14ymedio, Havana, 8 February 201 9 — More than 2,000 doctors who defied the orders of the authorities in Havana and stayed in Brazil after the end of Cuba’s participation in the Mais Medicos (More Doctors) program have sent a letter to Senators Marco Rubio and Bob Menéndez after learning that the Government of Jair Bolsonaro will suspend the health care program and will not offer them work.
In the letter, which El Nuevo Herald had access to, the professionals asked that both politicians continue to support the efforts to reinstate the Cuban Medical Professional Parole program, repealed by former President Barack Obama in 2017, which grants US visas to health professionals who abandon the Cuban international missions.

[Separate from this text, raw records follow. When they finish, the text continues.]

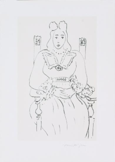 Notes: Limited edtion lithograph published by Maeght Editeur in Paris in 1995 with the permission of the Estate of Henri Matisse titled "Femme Assise". Each print is shows a plate signature of the artist and measures 18 x 13 inches. Printed by ARTE, Paris, France.
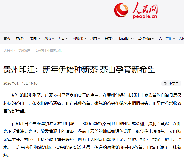 ▲1月13日,人民网报道贵州印江:新年伊始种新茶 茶山孕育新希望
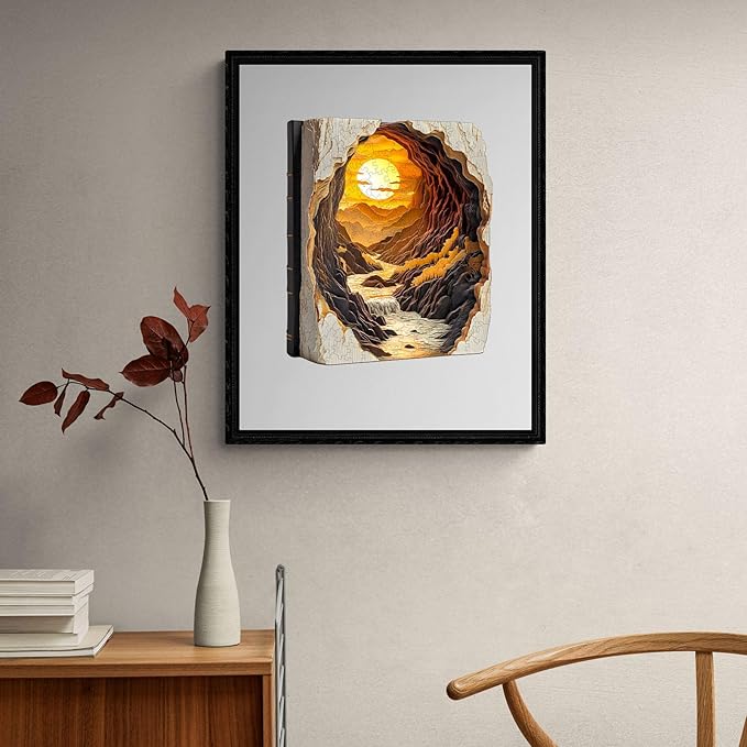 - Stunning 3D Sunset in Book Visuals: our 3D visual wooden puzzle features a captivating scene of a sunset within a book frame. The warm, orange red hues of the setting sun seem to radiate out, with rays filtering through the clouds and casting a golden glow. The details, from the shape of the sun to the softness of the clouds, are so vivid that it feels like you're peeking into a real-life sunset moment. As you assemble the puzzle, the 3D effect makes it a truly immersive visual experience
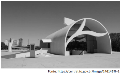II. A obra foi realizada em concreto e apresenta curvas sinuosas, características próprias do Barroco das cidades mineradoras, estabelecendo visualmente uma continuidade entre o Barroco do passado das cidades mineradoras e o presente do Tocantins.
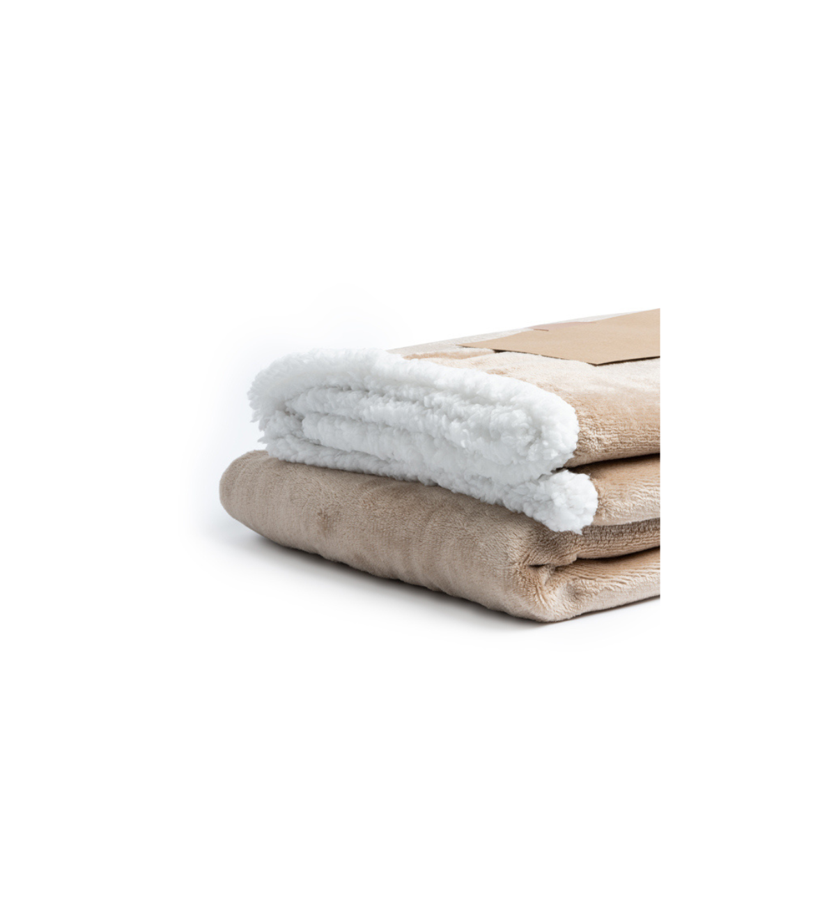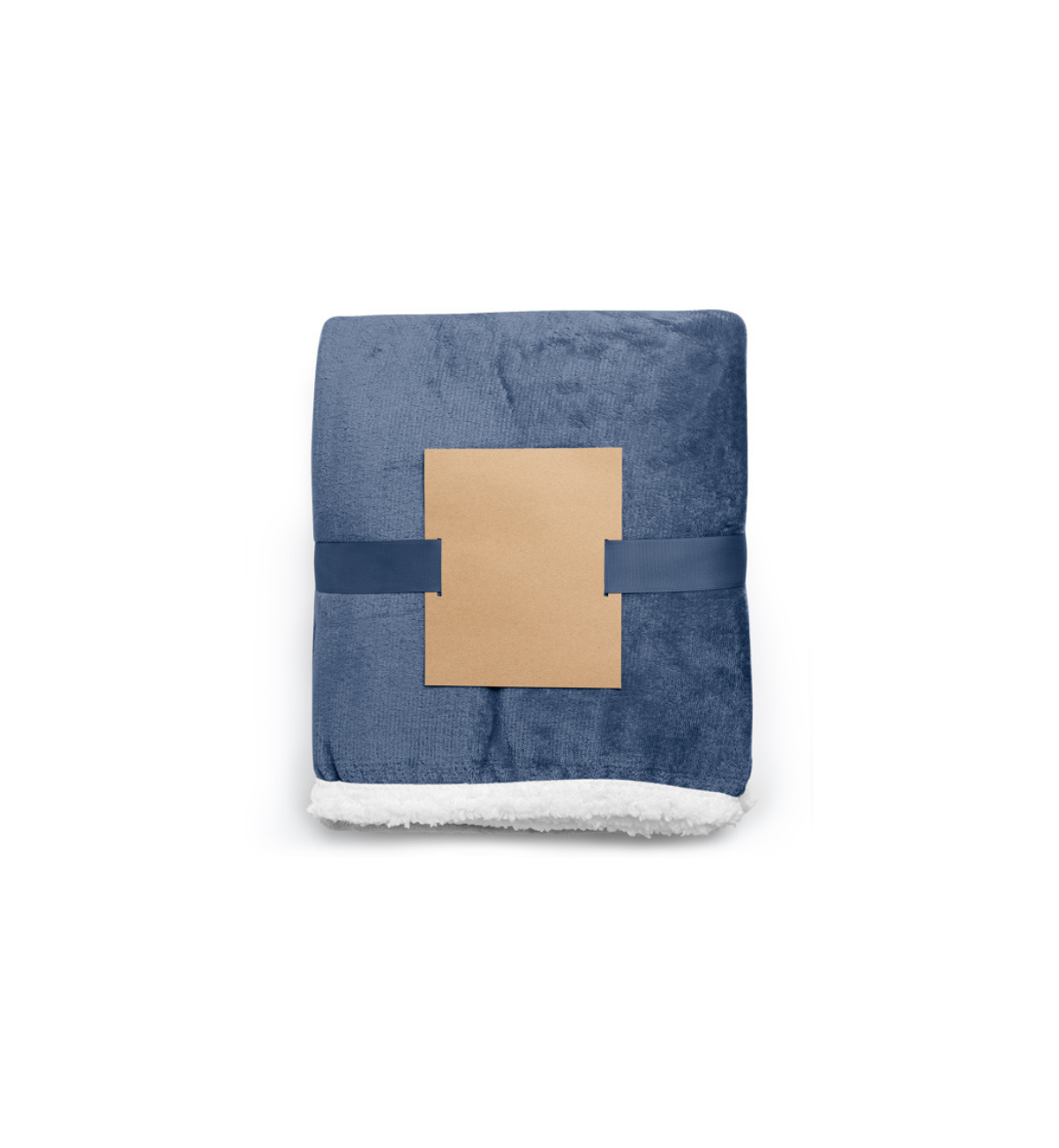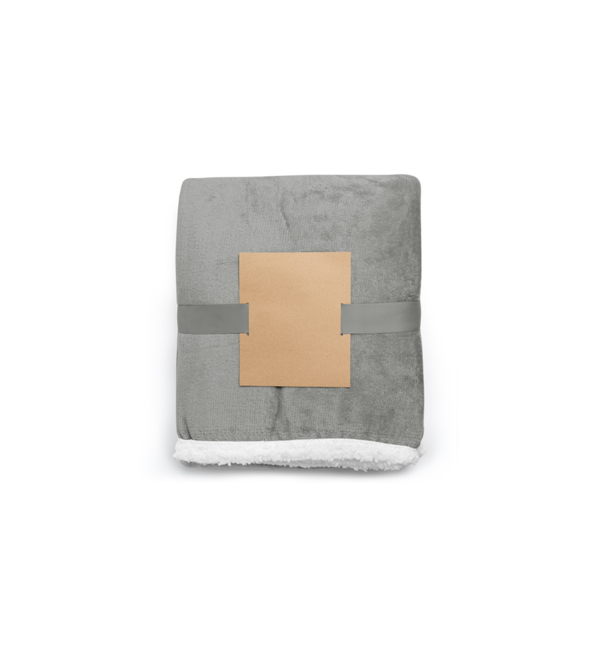 Manta polar de estilo Sherpa con polar fleece de 380 g/m². Incluye tarjeta ideal para marcaje y cinta de color a juego.

The physicians claim that they stopped honoring their commitment to the Cuban government after having relied on Bolsonaro’s promise of offering them political asylum and employment, but nearly three months later most have not been able to find work as doctors.
“The situation of the doctors who decided to stay in Brazil has been darkened by reality, most of us have been abandoned and left in precarious situations surviving with the help offered by friends and many of those who were our patients and who once again have shown their gratitude towards us,” they explained.
The professionals ask in their letter to the senators that, if they are unable to reactivate the aid program, “they dialogue” with the authorities to help them find jobs.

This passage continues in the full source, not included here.